Please make sure you use MongoDB version that supports MongoDB connector for BI. In this tutorial we use 4.0.5.
If you don’t have local MongoDB instance please download it here.
BI Connector can be downloaded here.
After BI connector has been installed please start mongod
instance first. If you use downloaded installation it can be started from its home directory like:
$ bin/mongod
BI connector itself can be started the same way:
$ bin/mongosqld
Please note that mongosqld
resides in another bin
directory.
If everything works correctly you should see success log message in your shell for mongosqld
process:
[initandlisten] waiting for connections at 127.0.0.1:3307
If you’re using MongoDB Atlas you can use this guide to enable BI connector.
Importing test dataset
You can skip this step if you already have data in your DB which can be analyzed. Otherwise you can use zip code test dataset from MongoDB to populate your DB with some test data.
Download zips.json and run mongoimport
from MongoDB home directory:
$ bin/mongoimport --db test --collection zips --file <path/to/zips.json>
Please make sure to restart MongoDB BI connector instance in order to generate up-to-date MySQL schema out from just added collection.
Spinning up Cube.js application
We’ll use Cube.js to make analytic queries to our MongoDB instance. To install its CLI run:
$ npm install -g cubejs-cli
To create new Cube.js application with MySQL driver run:
$ cubejs create mongo-tutorial -d mysql
Go to just created mongo-tutorial
directory and edit just created .env
file: replace placeholders with your MongoDB BI connector credentials.

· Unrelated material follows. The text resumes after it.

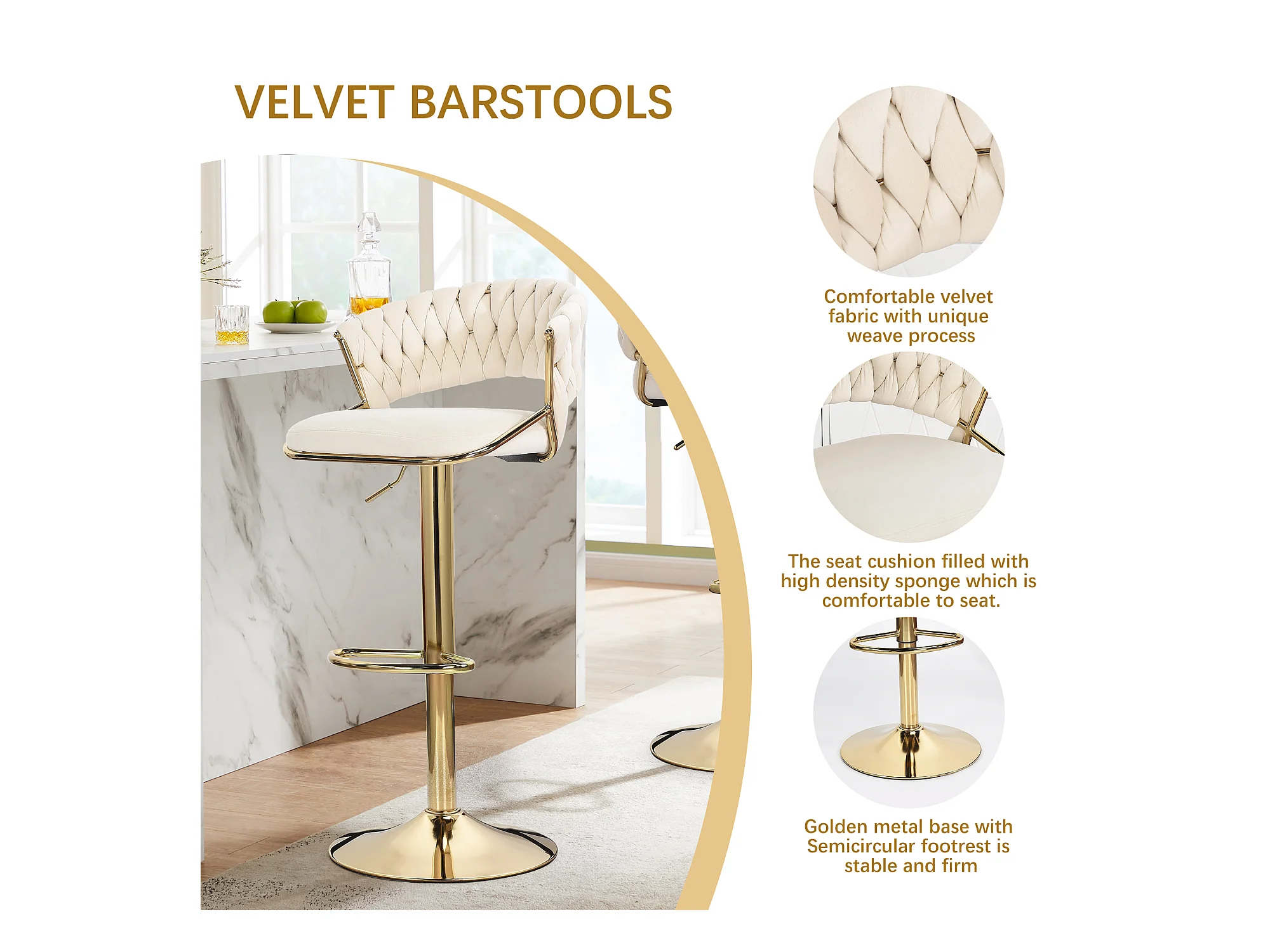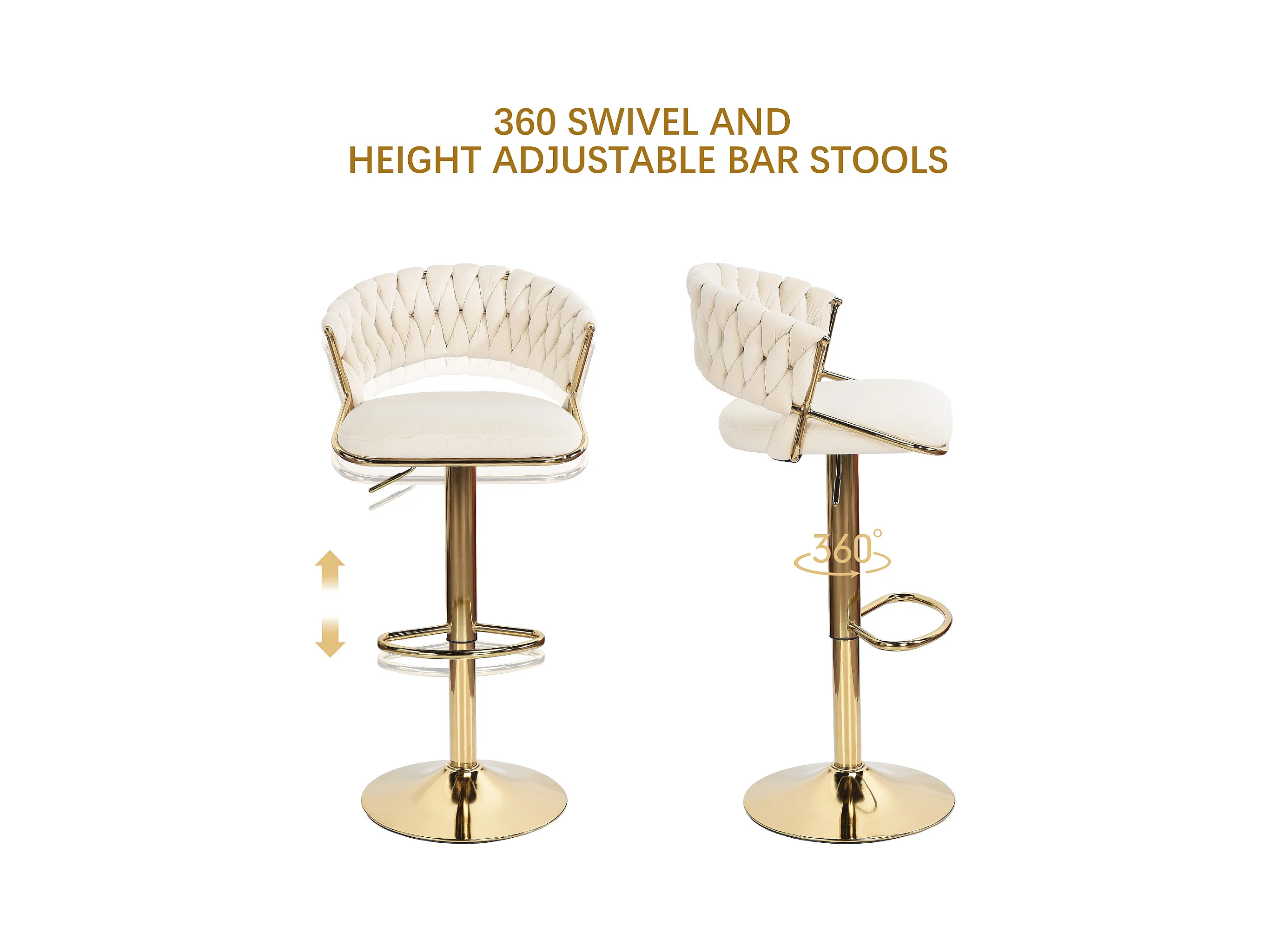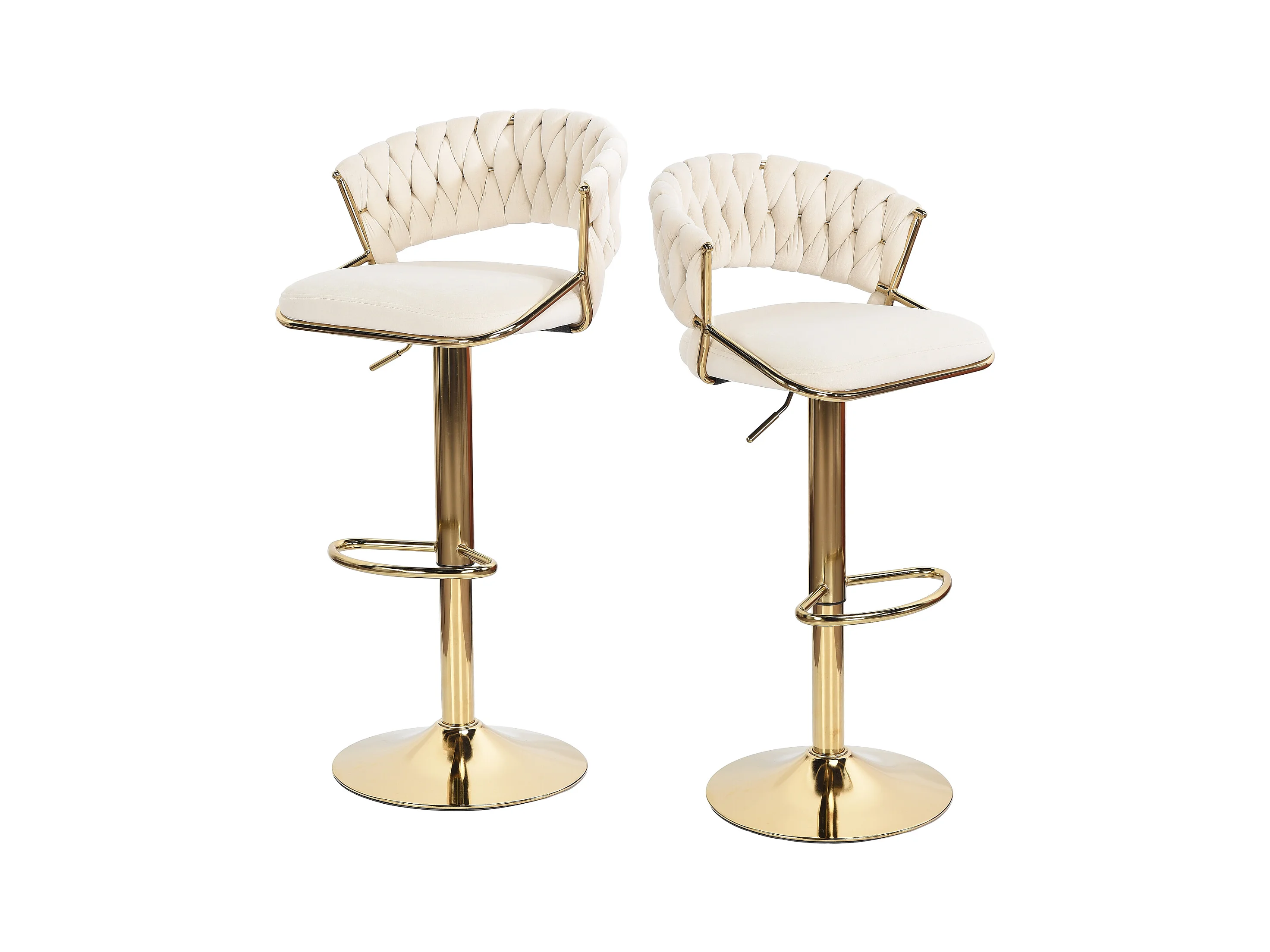 Lot de 2 tabourets de bar en velours chaise bar avec pieds dorés, design ergonomique, pour restaurants, cafés, Bar, beige

By default it should be something like:
CUBEJS_DB_HOST=localhost
CUBEJS_DB_NAME=test
CUBEJS_DB_PORT=3307
CUBEJS_DB_TYPE=mysql
CUBEJS_API_SECRET=941ed7ad8a49bec1b3f87a9f48bff2a5e549e946fc22fcc5f18c3a17bf62c64ed3398e99b271cd66d4521a6fd7caa4bfd268dfccea59ffd9c67de660f3967338
Now generate Cube.js schema files for zips
collection from test data set or for your own collection:
$ cd mongo-tutorial
$ cubejs generate -t zips
In order to start Cube.js dev server you’ll also need locally running Redis instance which is used for cache and query queue orchestration. You can download it and run using these instructions.
If everything went smoothly you’re able to run Cube.js dev server:
$ npm run dev
If server started successfully you can now open http://localhost:4000
and navigate to Cube.js dev environment. There you should see working example of a Pie chart.
Building Dashboard
Cube.js dev environment example contains all essential client pieces to build analytics dashboard. Let’s modify it a little bit so it looks like more a dashboard and uses zips collection.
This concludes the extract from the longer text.